Camden police have responded with several measures, including putting more than a dozen additional officers on street duty, that Ottenberg said should help quell the surge in violence.
"Camden is a tough place to be for its residents," Camden Police Chief Ed Hargis said. "There are honest people living here raising their families, and they're being held prisoner right now."
Most murders in Camden, the poorest city in New Jersey, have been targeted killings in drug or money disputes, Ottenberg said.
All but two of the victims this year were gunned down. Authorities have yet to identify suspects in most of the killings.

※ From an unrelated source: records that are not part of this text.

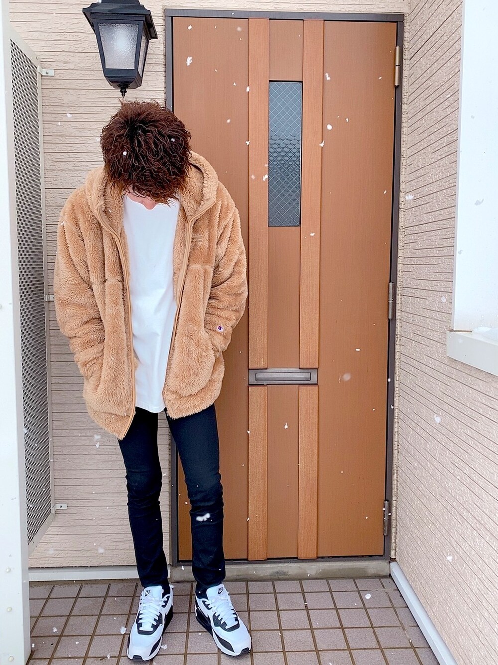 Tk_11のパーカー「Champion×relume / 別注チャンピオン SHERPA FLEECE スナップパーカー#」を使ったコーディネート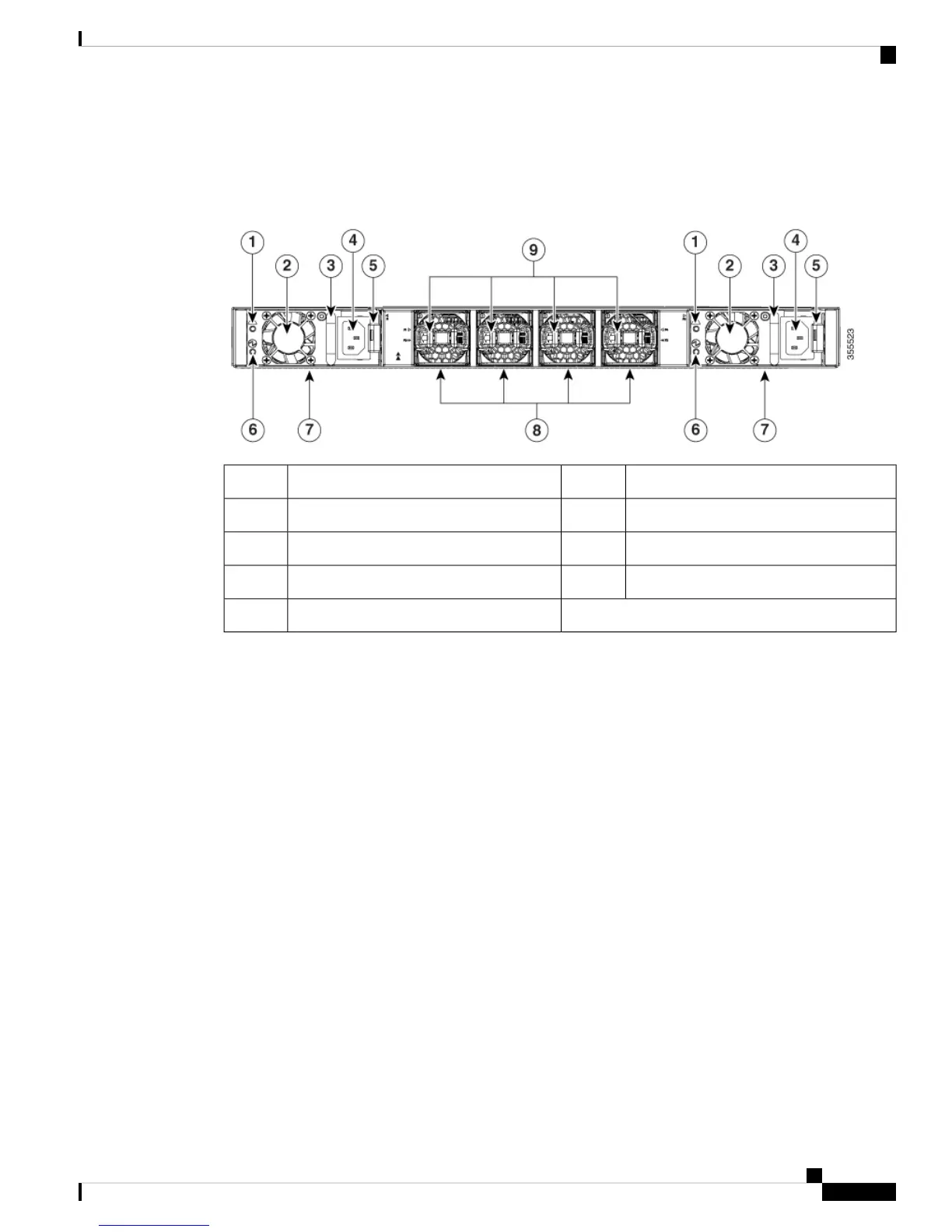 Chassis fan module release latches (8)9Unswitched power receptacle4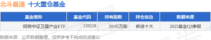 持有北斗星通最多的基金为招商中证卫星产业ETF,目前规模为3.86亿元,最新净值1.2413(10月28日),较上一交易日下跌0.04%。该基金现任基金经理为许荣漫。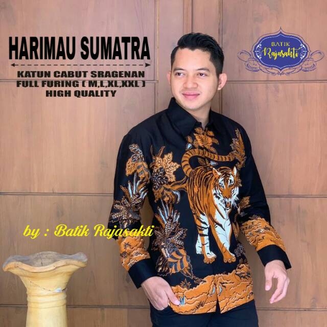 Name: Kemeja Batik Pria Harimau Sumatera Batik Original Rajasakti Katun Cabut Sragenan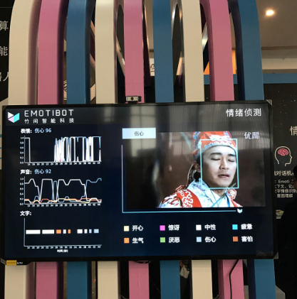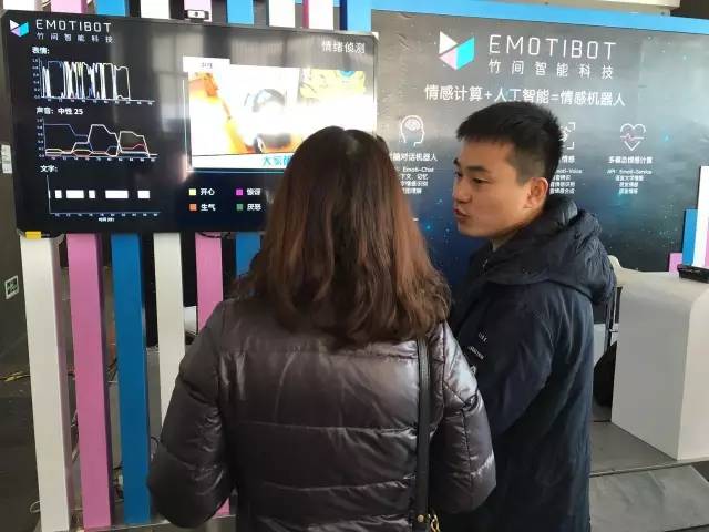 竹间科技的主打产品是 Emotibot,它致力于打造高智商和情商兼备的个人智能伴侣。现场展区的主要位置被两个自带摄像头的五十寸大屏占据。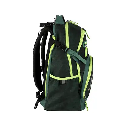 În zilele noastre, găsim din ce în ce mai multe jocuri cu dinozauri, așa că nu putea să lipsească nici de pe geanta de școală. Geanta este vopsită cu totul alte nuanțe de verde, ca o junglă din care va ieși în curând T-Rex. Pe langa designul sau frumos, are si alte caracteristici, mai ales un design captusit ergonomic care te ajuta sa porti geanta si este optim anatomic. În plus, are un cârlig portabil și o bază stabilă.

Ottenberg said he believed that many of the deaths were the result of a power struggle within the city's drug trade.
Small, established drug operations are giving way to larger, more organized networks, he said. As the gang presence has increased, so have turf wars over neighborhoods or corners.
"What I think is happening is that some of these [longtime drug networks] are not being taken over as quickly as it might have been assumed," Ottenberg said. "They're pushing back, and we're seeing the friction."
Why gang activity is rising in Camden is unclear, said Jeremiah A. Daley, executive director of the Philadelphia-Camden High Intensity Drug Trafficking Area, a branch of the federal Office of National Drug Control Policy.
"Camden's been a troubled city for some time, and those are the kinds of situations where street gangs tend to evolve," Daley said. "You have a high concentration of poverty, and young people who are disaffected with the school system or have dropped out already. These people are ripe for the picking to become involved with gangs."